How could he know the expansion would be to 5 bytes, and not say 6?
"This procedure will require 1000 new page index servers and additional storage for temporary tables.
"They are hoping to make this change gradually server by server.
"The completion of the process will take up to one year after that the main URL index will be switched to use 5 bytes ID."
How if he just guessed they were running out of data indexing capacity could he know that it would take specifically 1000 new page indexing servers, Google was hoping to make this change gradually, and that this would take up to one year to do? He couldn't. Thus the most reasonable explanation is that he wasn't guessing, but instead this was sent to him by someone else and he decided to run it by the people here for analysis.

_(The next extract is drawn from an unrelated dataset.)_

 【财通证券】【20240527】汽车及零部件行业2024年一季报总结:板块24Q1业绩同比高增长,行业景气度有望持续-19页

>>>While he says at the end this is just a guess, his post includes things like "They now considering reconstruction of the data tables which involves expanding ID fields to 5 bytes." That isn't consistent with a guess; he could only know that if he had an inside source. <<<
Originally he stated that the info was from an inside source and then lated edited it to "this is just a guess"

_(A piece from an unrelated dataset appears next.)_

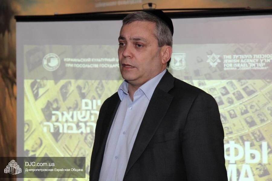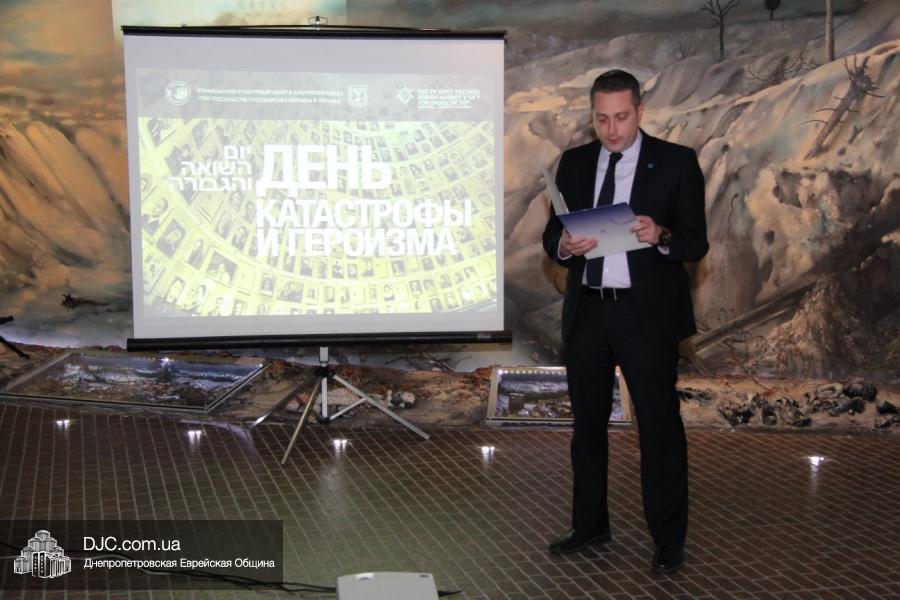 Первое слово было предоставлено второму секретарю Посольства государства Израиль в Украине, директору Израильского Культурного Центра Вячеславу Смоткину, который призвал тщательно хранить и оберегать память о страшной трагедии не только еврейского народа и Европы, но и всего мира. Он подчеркнул, что, несмотря на то, что со времен Шоа прошло больше семидесяти лет, крайне важно сберечь и передать память о ней и о каждой ее жертве, ибо, только так, помня о Катастрофе и Героизме, мы можем добиться того, чтобы подобные трагедии никогда больше не повторились.

|They are hoping to make this change gradually server by server. |
Could explain all the datacenters that have disappeared over time...
The re5earcher post was edited the original author - it appears he originally claimed it was from "inside sources" as the first reply asked who were inside sources.
I also think it was interesting that when people were asking for Googleguy to respond, Brett mentioned that the information was "mission critical" or something along those lines - insinuating there may actually be truth to it.
I may be naive, but I don't believe Googleguy would intentionally lie if the whole thing were true (I honestly believe the founders want to stick to the "do no evil" mantra). While I'm not a programmer, I don't see what the big deal is that Google has to adapt as the web grows and technology evolves. In other words, if it were true, Googleguy could have remained silent, or could have even confirmed that there is truth that the next algorithms will be dealing with limitations of a 32 bit system. Would it really have somehow hurt Google for people to know they had a capacity issue?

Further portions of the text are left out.